Two weeks ago I started an experiment to use adult content labels in the For You algorithm with the goal to reduce the amount of unwanted content:

NSFW in For You - For You notes
your NSFW ≠ my NSFW
https://blog.foryou.club/3mkvhwjlagk2g

Today I'm sharing the results of the experiment:

  • 4.6% fewer users press "show less like this" on a given day. This is statistically significant at the 95% confidence level.

  • 11% fewer total "show less like this" interactions: 72,397 -> 64,446 = -8K. That's a huge reduction!

  • 0.1% more likes (+6.5K)

  • 0.4% fewer feed loads per user - somewhat concerning, but given the number of likes increased it means we probably reduced impressions of unwanted content

The new logic filters nsfw content based on whether the user liked nsfw content in the past. And so it is interesting to see how much this change affected For You for people who have never liked any nsfw posts vs people who did.

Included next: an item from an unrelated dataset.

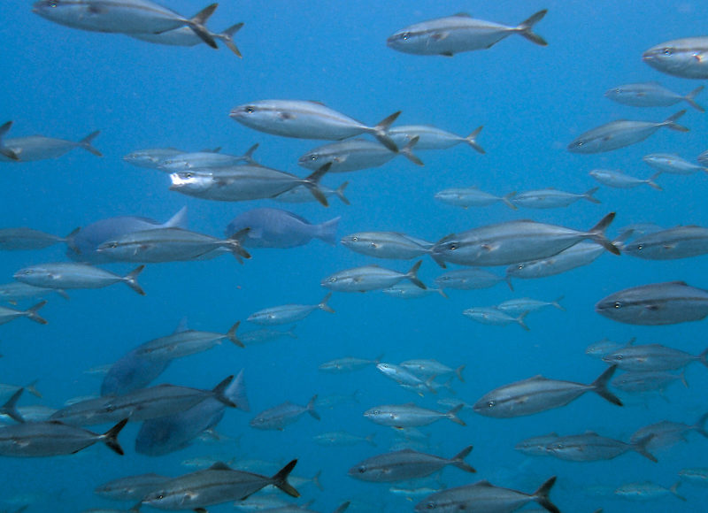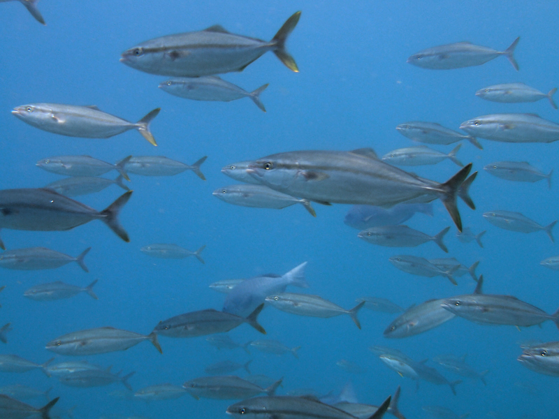 そこに子カンパチ軍団やワカシ(ブリの幼魚)群れ、ツムブリの子も混じって賑やか!

Let's first look at the segment of users who have liked only posts with no adult content labels:

  • These users now mostly see posts with no adult labels: 98.3% -> 99.7%.

    • Why didn't it become 100%? This is due to a delay when the adult label is applied. When the recommendation is made the adult label has not arrived yet, but when we log the recommendation the adult label is applied. As a result some nsfw content gets through when it should have been filtered out.

  • The "show less" rate for the "clean" posts decreased 5.4%, though this slice was not supposed to be affected by this change. Could be noise.

  • The "show less" rate for nsfw content went basically to 0

Now let's look at the segment of users who have liked at least one post with the "porn" label:

  • The number of "porn" impressions went down 2.1% - this tells me that the new algorithm is not too restrictive.

  • The like rate for "porn" increased by 2.2% - it means that the content that got filtered out is exactly the content that used to be not liked.

  • The "show less" rate for "porn" went down 15.4% - so the 2.1% of content that we end up filtering out accounted for 15.4% of "show less". We are filtering out the right content.

  • Similar changes for other labels such as "sexual", "nudity" and "sexual figurative".

The last segment we will look at is users who have liked at least one post with "sexual" label but no posts with "porn":

  • For these users we stop showing "porn" labeled content (with the exception of the label timing issue mentioned above). In the control arm the "porn" posts had a very low like rate for these users and very high "show less" rate. So it is a good slice to filter out.

  • Posts with "sexual" label had 33% fewer impressions, but the ones that were shown had a 50% higher like rate and a 17% lower "show less" rate. This tells me we are filtering the right set of posts with the new logic.

Now let's revisit the expectations I've set at the beginning of the experiment:

  • we would see a lower rate of "show less" for nsfw content

    • Indeed, when nsfw content is shown we see a much lower "show less" rate

  • the volume of nsfw labeled post impressions is not affected too much

  • overall like rates per feed load and per user stay the same

    • It is actually +0.5% higher

  • ❌ the number of feed loads per user is slightly higher because users are not turned away when they come across unwanted content

    • We see a slightly lower number of feed loads (-0.4%), but that is probably fine since we see more likes per feed load.

What's next?

I'm surprised how well this change worked. It basically worked as expected, which doesn't happen that often in practice.

I enabled the change for all users this morning.

Thanks everyone for the feedback and ideas on what to improve! Please keep them coming to inspire more tests like this.